Geisler also discussed astrocytes. Literature has shown that GLP-1 receptor signaling in astrocytes, particularly in the hindbrain, can partly mediate GLP-1-induced suppression of food intake. It also alters astrocyte metabolism in ways that enhance their cooperation with neurons. Beyond energy balance, astrocytes have become a major focus in studies of the neuroprotective and anti-inflammatory effects of GLP-1s, especially in the context of obesity-related neurodegeneration. Essentially, astrocytes are not just “support cells” but active regulators of energy balance.
“My group became interested in studying a protein called diazepam-binding inhibitor (DBI). It is a glial-produced hormonal peptide that suppresses appetite. Because of its known role in feeding behavior, and high expression in the postrema area, we wanted to understand how it might be regulated by nutritional state and if GLP-1 ligands, by chance, regulated DBI expression,” said Geisler.
Data show that fasting reduces DBI expression in the subpostrema border and fourth ventricle region, but treatment with exendin-4 restored expression to fed-state levels. By contrast, DBI expression in the area postrema itself was not strongly influenced by nutritional state. This suggested that regulation is concentrated in glial-rich border zones that control access to the brain.

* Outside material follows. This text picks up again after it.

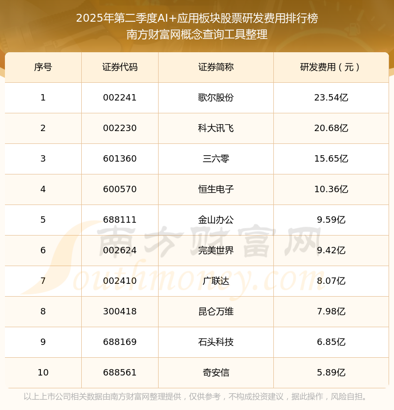 2025年第二季度,AI+應(yīng)用板塊股票研發(fā)費(fèi)用排行榜中,歌爾股份(002241)研發(fā)費(fèi)用總額高達(dá)23.54億,科大訊飛(002230)和三六零(601360)排名第二和第三,恒生電子(600570)、金山辦公(688111)、完美世界(002624)、廣聯(lián)達(dá)(002410)、昆侖萬維(300418)、石頭科技(688169)、奇安信(688561)進(jìn)入前十,研發(fā)費(fèi)用總額分別排名第4-10名。
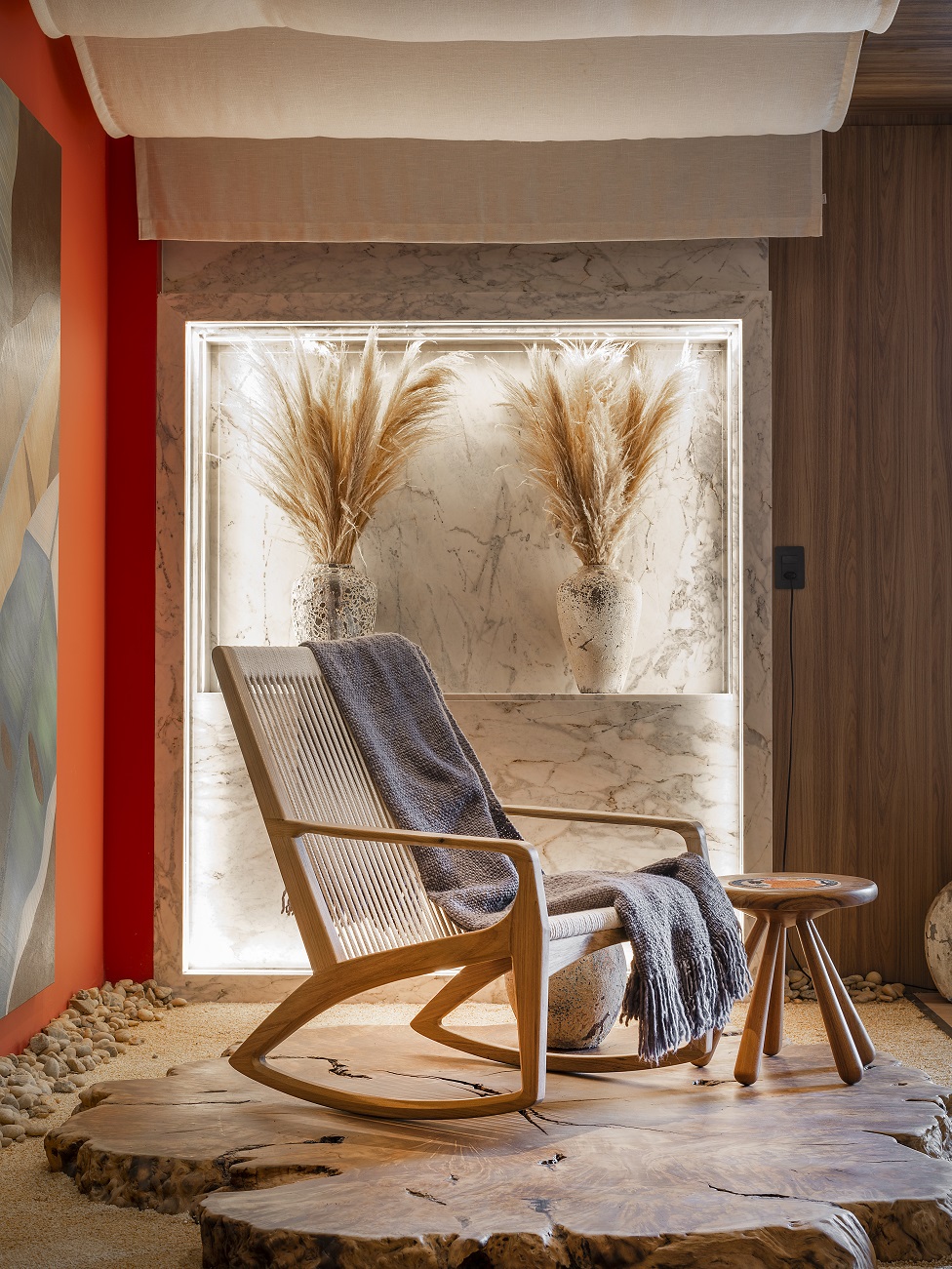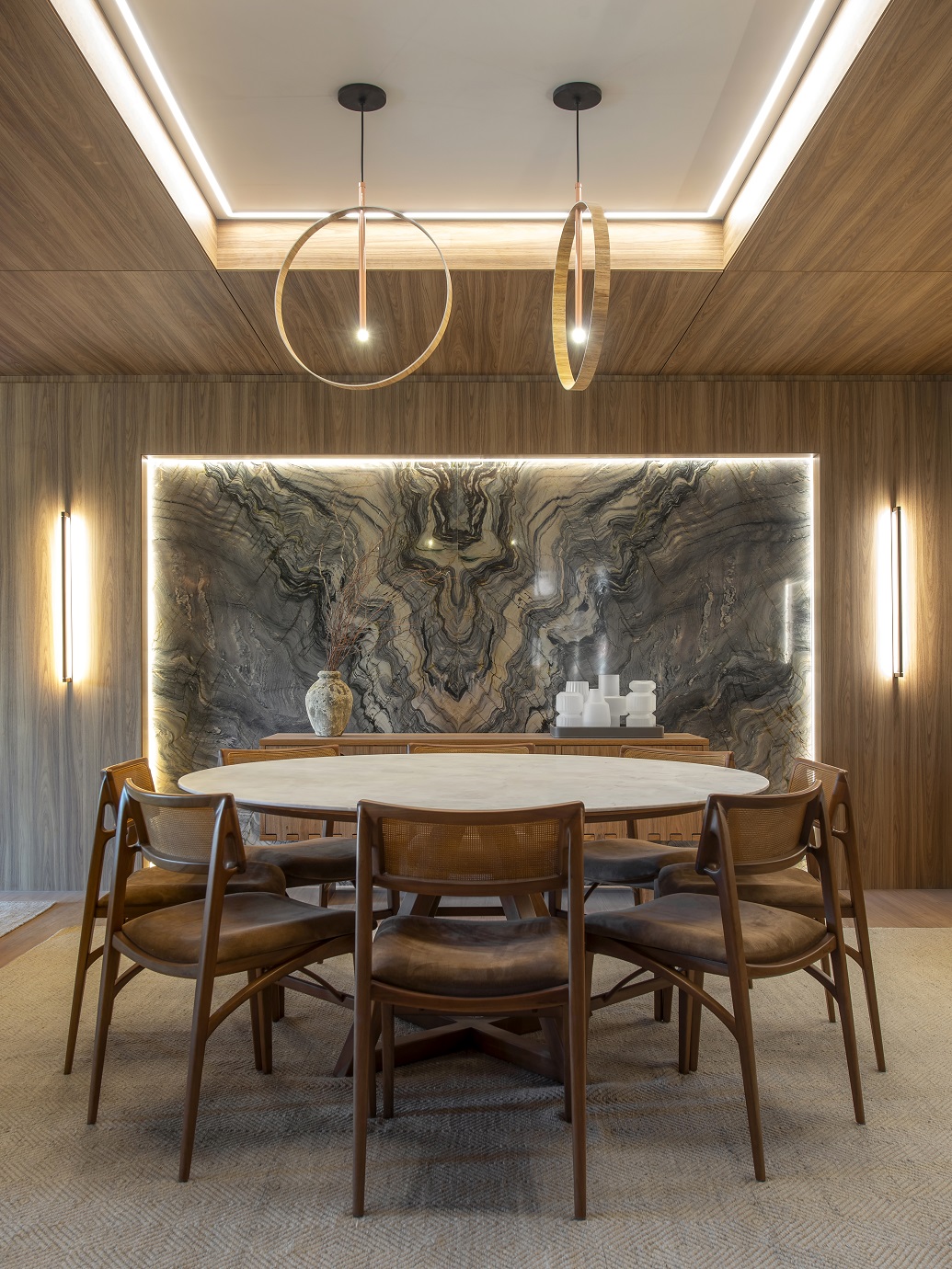 Materiais como a corda de algodão, a palha, o couro natural e madeiras como Jequitibá e Louro freijó, também tipicamente brasileiras, trazem o Brasil e suas riquezas para o ambiente. Destaque também para o mármore tipo Calacatta do qual, hoje, o Brasil é um dos maiores fornecedores”, esmiúça a arquiteta.

Geisler’s team also examined whether GLP-1 drugs act directly on DBI-producing cells. In rats, DBI and GLP-1 receptors were not usually co-expressed, but the two cell populations were often found in close proximity, suggesting cross-talk between them. To test whether DBI contributes to GLP-1’s appetite-suppressing effect, the team used an antibody to neutralize DBI. Exendin-4 reduced food intake as expected, but the effect was weakened when DBI was blocked. Importantly, neutralization of DBI did not affect nausea-like behavior (measured by kaolin intake), and only slightly blunted weight loss, indicating that DBI is specifically tied to appetite suppression rather than side effects.
DBI is processed into smaller fragments, and one of these – octadecaneuropeptide (ODN) – is thought to drive its appetite-suppressing effects. Geisler’s team tested a natural fragment they called TDN in obese mice. Daily injections of TDN caused about 5% body weight loss in nine days, and clamp studies showed improved insulin sensitivity, with faster clearance of glucose from the blood. When tested in musk shrews (a species that, unlike rodents, can vomit), TDN reduced weight without triggering emesis, while exendin-4 caused rapid, dose-dependent vomiting.
The work suggests that astrocytes and glial peptides like DBI/ODN are active participants in the GLP-1 pathway, shaping appetite suppression and offering potential as new therapeutic targets. TDN, in particular, may represent a complementary anti-obesity or anti-diabetes agent with the benefits of weight and glucose control, but without the gastrointestinal side effects that often limit GLP-1 therapies.